Shawn told me we were going to do a bit of a paradigm shift in our training. Instead of working legs with machines and weights, we were going to use my own body weight to work my favourite muscle group. We did a lot of squats, jump squats, lunges, and jump lunges (a combination known as 'the crusher'). We worked with medicine balls and kettle bells. We truly did use my body weight to work my legs and at several points in our hour together got me to the point where my quads felt like butter and I wobbled from side to side. We even did some power cleans (which he was impressed with), and on a "jerk" or "snatch" lift, I knocked myself in the face with a 105-pound barbell. No worries though, no damage. The workout was amazing. It was great to see my strength materialize in a different way. It was also pretty cool to hear Shawn react to what I was capable of doing and comment on my endurance. Hearing that from yet another person whom I respect was pretty cool.

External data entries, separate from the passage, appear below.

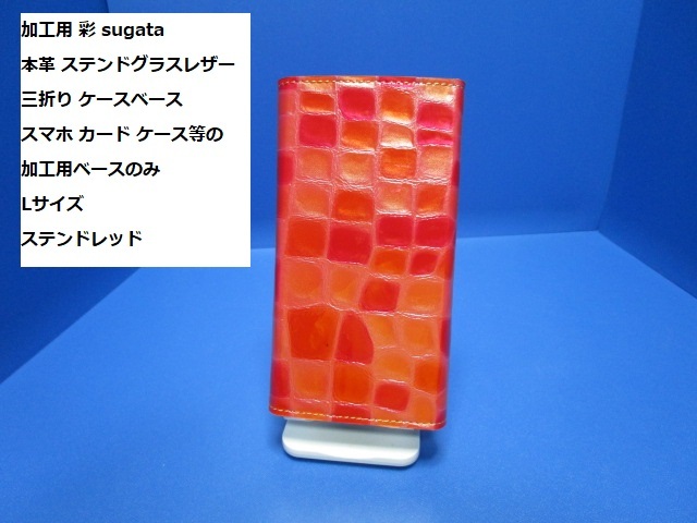 加工用 彩 sugata 本革 ステンドグラスレザー 三折り ケースベース スマホ カード ケース等の加工用ベースのみ Lサイズ ステンドレッド
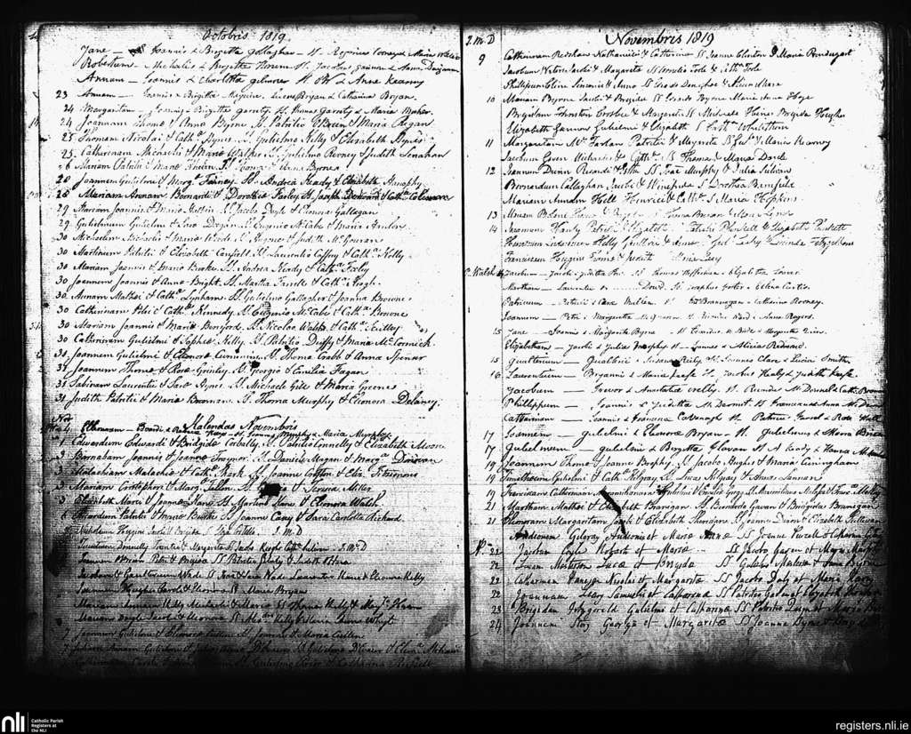 St. Andrew's, Dublin city; County of Dublin; Archdiocese of Dublin. Baptisms, Oct. 1819 to Nov. 1819
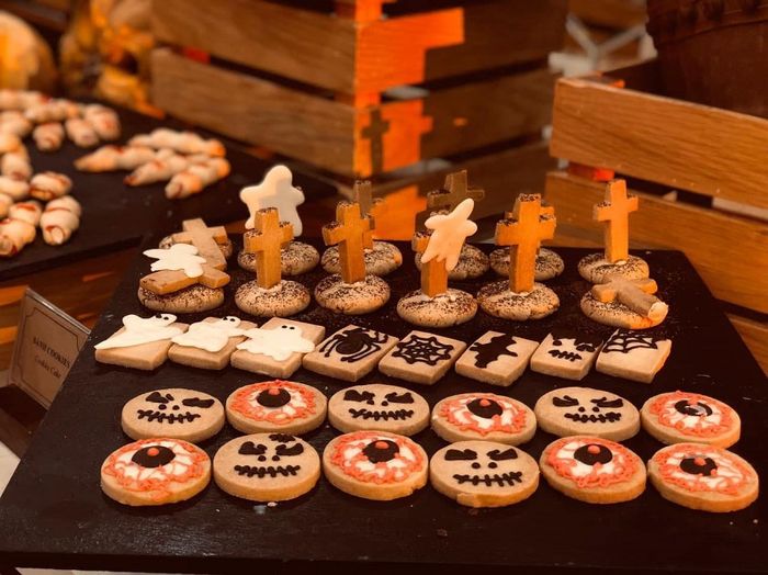 Một bữa tiệc kỳ quái cũng là cách trang trí Halloween độc đáo. Bạn có thể sử dụng tấm thảm màu trắng và bày trí các biểu tượng Halloween như quả bí đỏ, đầu lâu, bánh hình mạng nhện, bia mộ, và nhiều món ăn Halloween khác. Trên thảm còn có các quả bí ngô, đĩa bánh, và các món ăn Halloween để nhân viên cùng thưởng thức và cảm nhận không khí lễ hội.
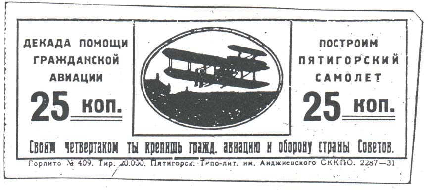 1931 1931 г. Листок из квитанционной книжки разм. рамки 134 х 49 мм. Одноцветная печать на желтоватой бумаге. Левосторонняя нерегулярная зубц. В прямоугольной рамке в центре дополнительная двойная овальная рамка в которой самолет-биплан, летящий над городом. Слева текст в три строки: «Декада помощи гражданской авиации». Ниже номинал. Справа текст в три строки: «Построим пятигорский самолет». Ниже номинал. Внизу текст: «Своим четвертаком ты крепишь гражд[анскую]. авиацию и оборону Страны Советов». Под рамкой выходные данные: «Горлито N 409. Тир. 20.000. Пятигорск. Типо-лит. им. Анджиевского СККПО. 2287-31».
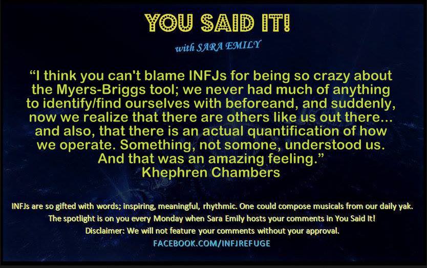 We are paradoxical, meaning there are contradictory opposites in our personality. For example, we think deeply about everything, but we struggle to adequately explain our thoughts to others. While we are very introverted, we also need to connect to others so there is a struggle between being private AND needing to connect to people. We deeply understand others, but are seldom understood. We love deeply but can also be hurt deeply. Our love of truth and authenticity is difficult to endure in a world in which people wear masks.
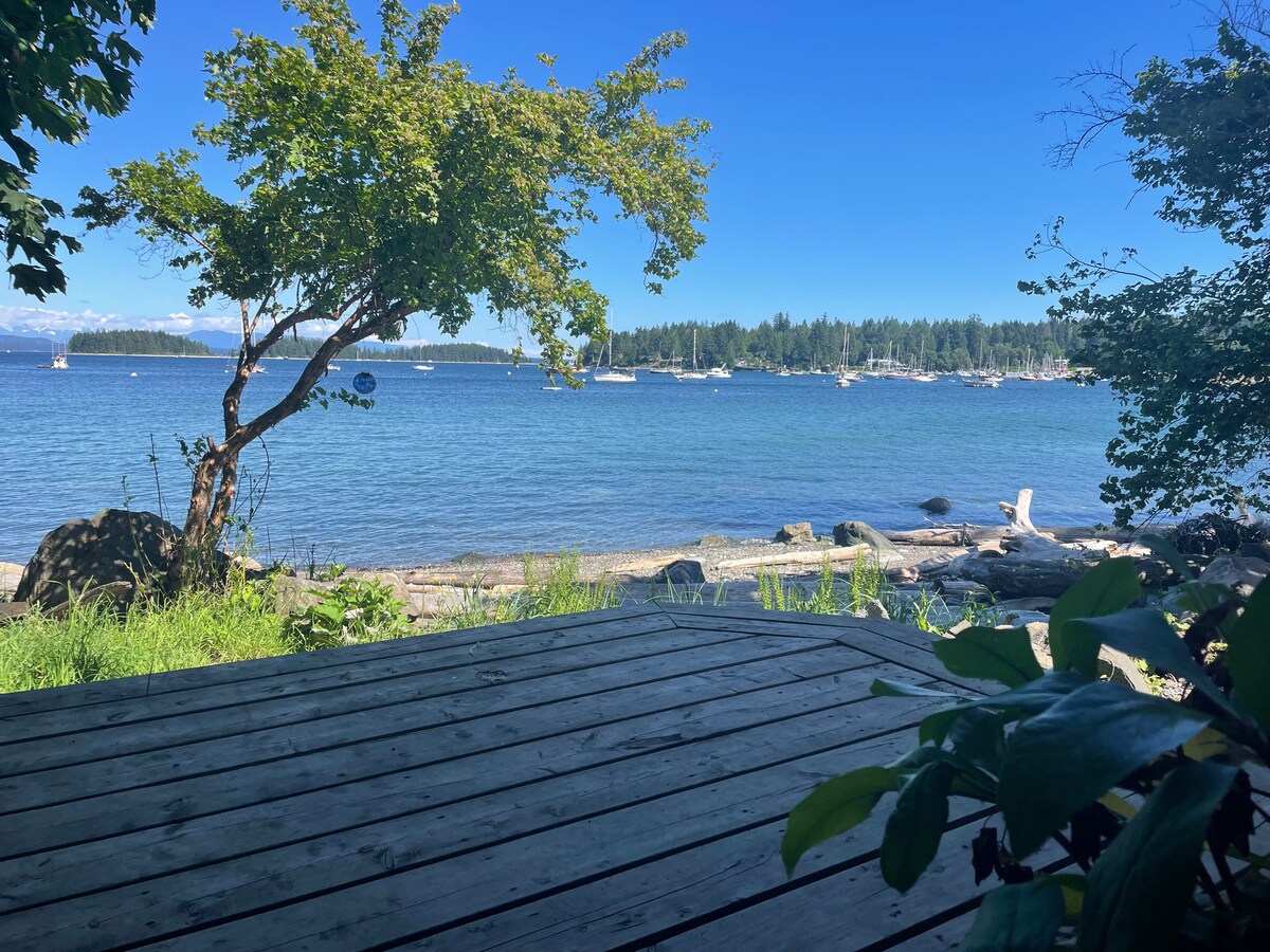 Din il-cottage mibnija bl-idejn għandha twieqi kbar u terrazzin li jħares lejn il-Lag tal-Aja u x-xenarji tal-blat ta 'Turtle Island. Intefa 'f' arbuxell żgħir ta 'siġar Cedar u Firma, iżda fil-qalba ta' Mansons Landing bi ħwienet u kafetterija tal-furnara ftit passi 'l bogħod. Huwa għaxar minuti mixi lejn l-għawm, paddle boarding u kayaking f 'Sandy Beach adattat għat-tfal, jew mixja ta' 15-il minuta' l isfel lejn bajja tal-oċean u Laguna ta' Mansons. Is-Suq tal-Ġimgħa u l-Mużew ta 'Cortes jinsabu ftit' il bogħod.
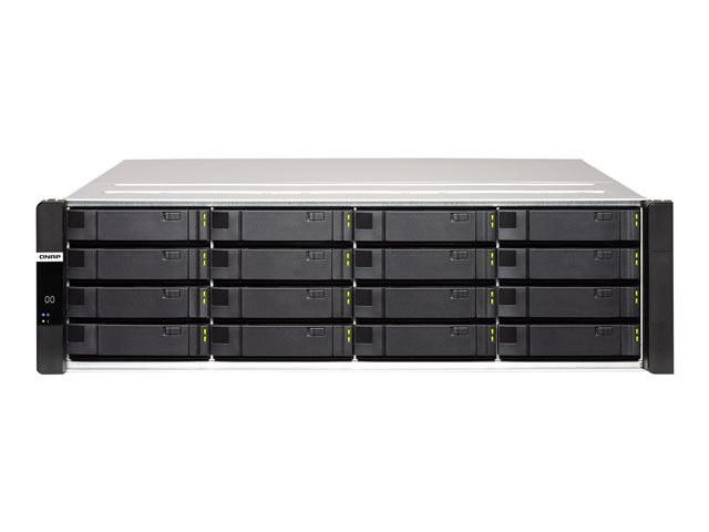 QNAP ES1686DC - NAS-server - 16 fack - kan monteras i rack - SAS 12Gb/s - RAID 0, 1, 5, 6, 10, JBOD, 5 hot spare, 6-reservsnabbyte, 10 hot spare, 1 hot spare - RAM 64 GB - Gigabit Ethernet / 10 Gigabit Ethernet - iSCSI support - 3U
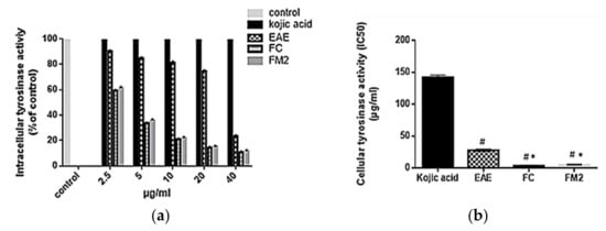 (a) Cellular tyrosinase activity (% of control) and (b) cellular tyrosinase inhibition activity (IC50) on B16 cells of ethyl acetate extract (EAE), quercetin-3-O-rhamnoside (FC), myricetin-3-O-rhamnoside (FM2), and kojic acid standard (Bars, ± SD (n = 3)). * Significant p ˂ 0.001 compared to EAE and # significant p ˂ 0.0001 compared to kojic acid.
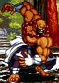 片手で相手を掴み上げてボーリングでもするかのように相手を投げつけるコマンド投げ。
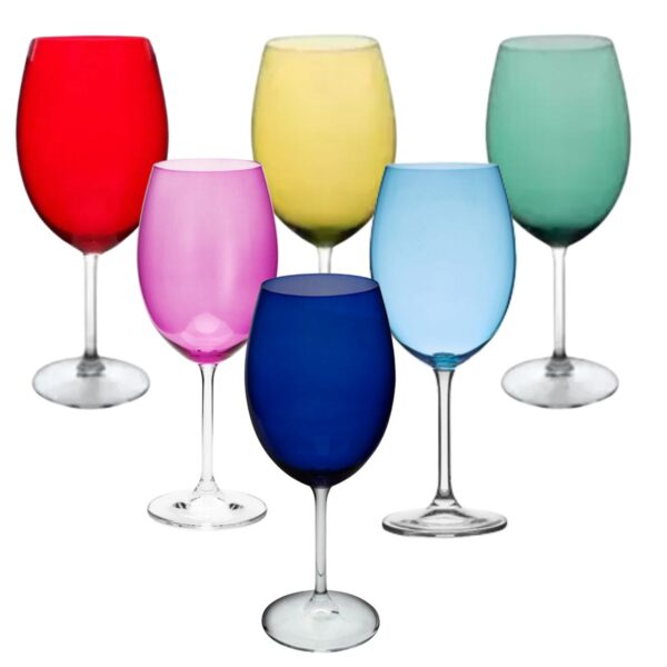 O Conjunto inclui seis taças coloridas em tons vibrantes, que são perfeitas para adicionar um toque de cor e diversão à sua mesa.

So, my time with colleagues and back at my alma matter was a bit of a whirlwind, but very memorable at the same time. What I remember more vividly than the reactions of my those around me, is that over the course of four days, I walked 'the tallest' in my life. I embraced people (literally and figuratively) with greater sincerity and warmth than ever before. I laughed with more joy that I thought was possible. And I smiled so much that my cheeks hurt. For the first time in a long time, I didn't feel like I wanted to crawl inside of myself and hide from the attention I was getting. I was proud to be the center of attention. I loved the fact that two people introduced themselves to me, not realizing that we have in fact met several times in the past few years. It all felt good -- so very very good. To a great extent, I think it felt good because I knew the attention was coming not only from people about whom I cared, but also from those who cared about me.
And it feels tremendous to know that so many people care.